Start of DATA PROVIDED

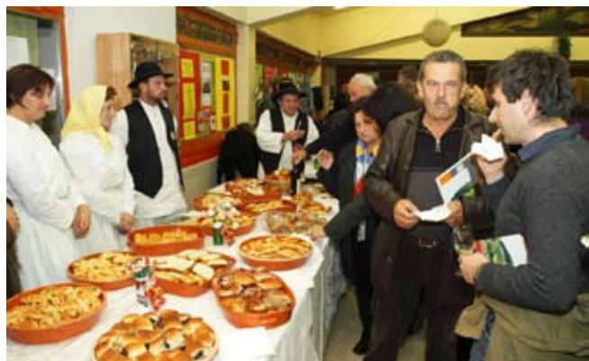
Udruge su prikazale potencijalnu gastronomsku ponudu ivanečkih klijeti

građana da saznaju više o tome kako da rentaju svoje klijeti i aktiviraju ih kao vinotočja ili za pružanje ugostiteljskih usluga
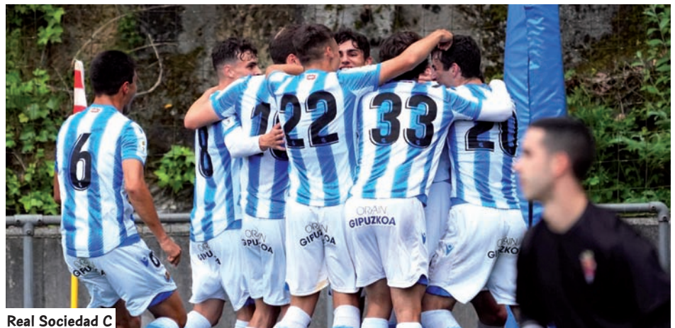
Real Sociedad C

End of DATA PROVIDED

» WHAT IS REQUIRED: Everything in the material must be duplicated exactly, except the pictures.

» SOLUTION FOR THIS TASK:
Udruge su prikazale potencijalnu gastronomsku ponudu ivanečkih klijeti

građana da saznaju više o tome kako da rentaju svoje klijeti i aktiviraju ih kao vinotočja ili za pružanje ugostiteljskih usluga
Real Sociedad C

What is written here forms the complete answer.